**TASK INSTRUCTIONS**
Nothing but the lines from the one with "教学成果:林学获国家一流本科" down to the one with "1)多天線解調(diào)測" should be returned, exactly and with both ends included, from the material below.

**RECORD EXCERPTS**

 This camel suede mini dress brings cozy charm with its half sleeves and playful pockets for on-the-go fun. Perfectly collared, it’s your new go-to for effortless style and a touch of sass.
--
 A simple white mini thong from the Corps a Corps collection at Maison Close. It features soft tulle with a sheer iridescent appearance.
...
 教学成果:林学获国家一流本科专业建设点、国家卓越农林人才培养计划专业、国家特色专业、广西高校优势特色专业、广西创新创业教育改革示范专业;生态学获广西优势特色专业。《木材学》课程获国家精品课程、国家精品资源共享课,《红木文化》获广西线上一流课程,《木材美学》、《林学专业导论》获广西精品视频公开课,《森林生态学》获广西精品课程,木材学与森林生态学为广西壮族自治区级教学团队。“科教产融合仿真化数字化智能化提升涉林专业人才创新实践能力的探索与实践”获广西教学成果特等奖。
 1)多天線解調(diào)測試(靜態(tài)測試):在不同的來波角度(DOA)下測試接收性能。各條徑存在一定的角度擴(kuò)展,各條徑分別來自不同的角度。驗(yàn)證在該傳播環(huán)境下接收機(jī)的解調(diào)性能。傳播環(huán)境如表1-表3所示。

**SOLVED EXERCISE**
 教学成果:林学获国家一流本科专业建设点、国家卓越农林人才培养计划专业、国家特色专业、广西高校优势特色专业、广西创新创业教育改革示范专业;生态学获广西优势特色专业。《木材学》课程获国家精品课程、国家精品资源共享课,《红木文化》获广西线上一流课程,《木材美学》、《林学专业导论》获广西精品视频公开课,《森林生态学》获广西精品课程,木材学与森林生态学为广西壮族自治区级教学团队。“科教产融合仿真化数字化智能化提升涉林专业人才创新实践能力的探索与实践”获广西教学成果特等奖。
 1)多天線解調(diào)測試(靜態(tài)測試):在不同的來波角度(DOA)下測試接收性能。各條徑存在一定的角度擴(kuò)展,各條徑分別來自不同的角度。驗(yàn)證在該傳播環(huán)境下接收機(jī)的解調(diào)性能。傳播環(huán)境如表1-表3所示。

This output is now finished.